The original, primary use for savepoints is to be able to roll back parts of a transaction.
Say you wanted to accept a large number of log entries, but need to process these in batches into the database:
for batch in per_batch(log_entries):
sp = transaction.savepoint()
try:
process_batch(batch)
except BatchFailedException:
sp.rollback()
transaction.commit()
raise
Now the transaction has been committed, except the last batch has been rolled back.
That was the original reason to use savepoints. Setting a savepoint has the side-effect of triggering a ZODB cache garbagecollection run.
The ZODB holds a cache of objects recently accessed.

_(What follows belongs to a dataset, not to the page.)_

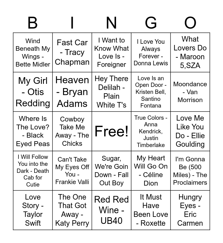 This bingo card has a free space and 78 words: Just the Way You Are - Bruno Mars, Killing Me Softly with His Song, I Want to Know What Love Is - Foreigner, You're Beautiful - James Blunt, Kiss from a Rose - Seal, Love Hurts - Gram Parsons, You're the Inspiration - Chicago, Perfect, The Boy Is Mine - Brandy,Monica, A Thousand Years - Christina Perri, Baby, I Love Your Way - Big Mountain, Stand by Me - Ben E. King, I Love You Always Forever - Donna Lewis, Wind Beneath My Wings - Bette Midler, I Swear, My Girl - Otis Redding, (You Make Me Feel Like) A Natural Woman - Aretha Franklin, Can't Take My Eyes Off You - Frankie Valli, Valerie - Amy Winehouse, Love Me Like You Do - Ellie Goulding, Let Me Love You, What Lovers Do - Maroon 5,SZA, Where Is The Love? - Black Eyed Peas, Hey There Delilah - Plain White T's, Heaven - Bryan Adams, You're Still The One - Shania Twain, Skinny Love - Birdy, I Got You Babe - Sonny & Cher, I'm a Believer - The Monkees, You Sexy Thing - Hot Chocolate, Moondance - Van Morrison, Save the Last Dance for Me - The Drifters, Red Red Wine - UB40, Red - Taylor Swift, Love Story - Taylor Swift, True Colors - Anna Kendrick, Justin Timberlake, All You Need Is Love - The Beatles, Just Give Me a Reason - P!nk, Nate Ruess, This Will Be (An Everlasting Love) - Natalie Cole, Hungry Eyes - Eric Carmen, Can't Help Falling in Love - Elvis Presley, You Are the Best Thing - Ray LaMontagne, Make You Feel My Love - Adele, Can You Feel The Love Tonight - Elton John, Chasing Cars - Snow Patrol, Fast Car - Tracy Chapman, Love Me Like You Do - Ellie Goulding, I Don't Want to Miss a Thing - Aerosmith, I Wanna Dance with Somebody (Who Loves Me) - Whitney Houston, (Everything I Do) I Do It For You - Bryan Adams, I'm Gonna Be (500 Miles) - The Proclaimers, Cowboy Take Me Away - The Chicks, My Heart Will Go On - Céline Dion, I Will Always Love You - Whitney Houston, Don't Speak - No Doubt, Un-Break My Heart - Toni Braxton, Jane - Barenaked Ladies, The Old Apartment - Barenaked Ladies, Crazy In Love - Beyoncé,JAY-Z, Sugar, We're Goin Down - Fall Out Boy, Love Is an Open Door - Kristen Bell, Santino Fontana, You Can't Hurry Love - The Supremes, Little Talks - Of Monsters and Men, Livin' On A Prayer - Bon Jovi, Shut Up and Dance - WALK THE MOON, Marry You - Bruno Mars, When a Man Loves a Woman - Percy Sledge, Like I'm Gonna Lose You - Meghan Trainor, John Legend, I Will Follow You into the Dark - Death Cab for Cutie, The One That Got Away - Katy Perry, I'm Yours - Jason Mraz, Time After Time, She Will Be Loved - Maroon 5, Haven't Met You Yet - Michael Bublé, It Must Have Been Love - Roxette, Every Breath You Take - The Police, I Just Called To Say I Love You and Tears in Heaven.

This includes objects that don't actually change during the current transaction; you just retrieved them from the database, used their data, and then stopped directly referencing them. The ZODB stores an object graph; one object references other objects, which in turn reference other objects. Each of those objects, if they inherit from the Persistent
base class, are separate ZODB records. When you traverse the graph, these objects are all loaded into memory.
The GC run clears them from memory again, provided they haven't changed. Traversing the object graph again would load them into memory again, but clearing them during a savepoint saves memory.

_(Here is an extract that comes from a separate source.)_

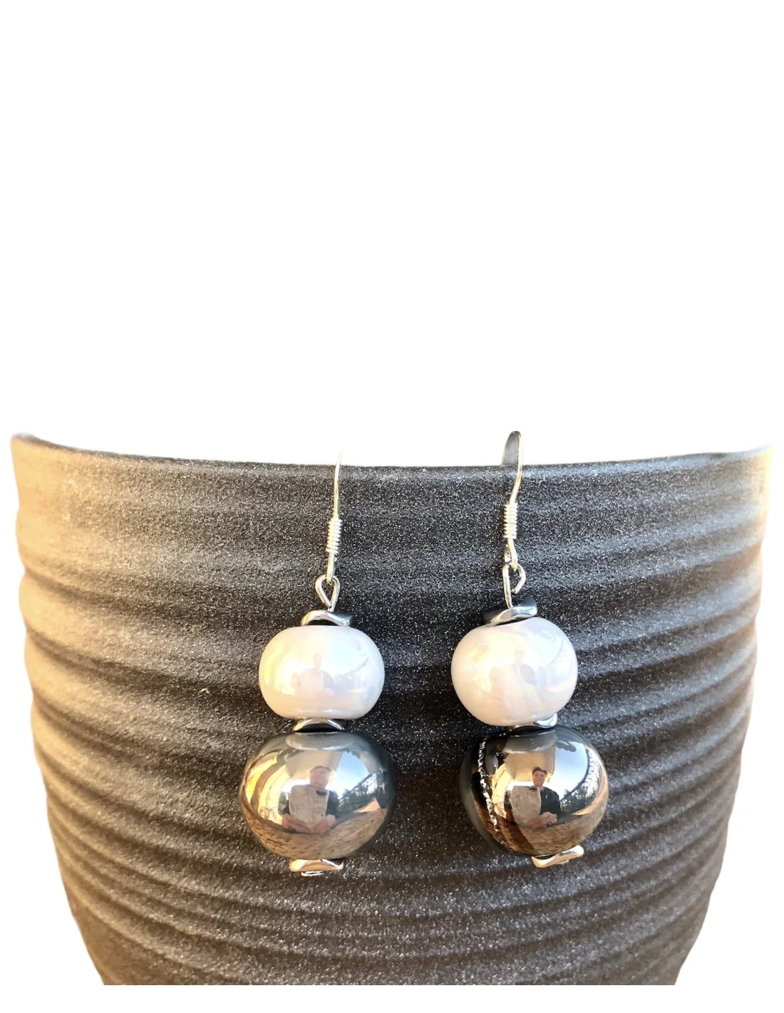 Τα χειροποίητα σκουλαρίκια Amorgos είναι μια μοναδική δημιουργία που συνδυάζει την κομψότητα των μεγάλων σφαιρικών κεραμικών πετρών σε λευκό και ανθρακί με την ανθεκτικότητα των ατσάλινων διακοσμητικών μπιλιών. Οι γάντζοι από ασήμι 925 προσθέτουν μια διακριτική λάμψη, καθιστώντας τα ιδανικά για κάθε περίσταση.

Savepoint data itself is stored on disk in a TmpStorage
file, in your TEMP
directory. This uses a tempfile.TemporaryFile()
object, which for security reasons is created in an unlinked state; the file exists, but the directory entry is cleared immediately on creation. You therefor cannot see this file from outside the ZODB process.
A full commit moves the data into the actual ZODB database and finalises the transaction.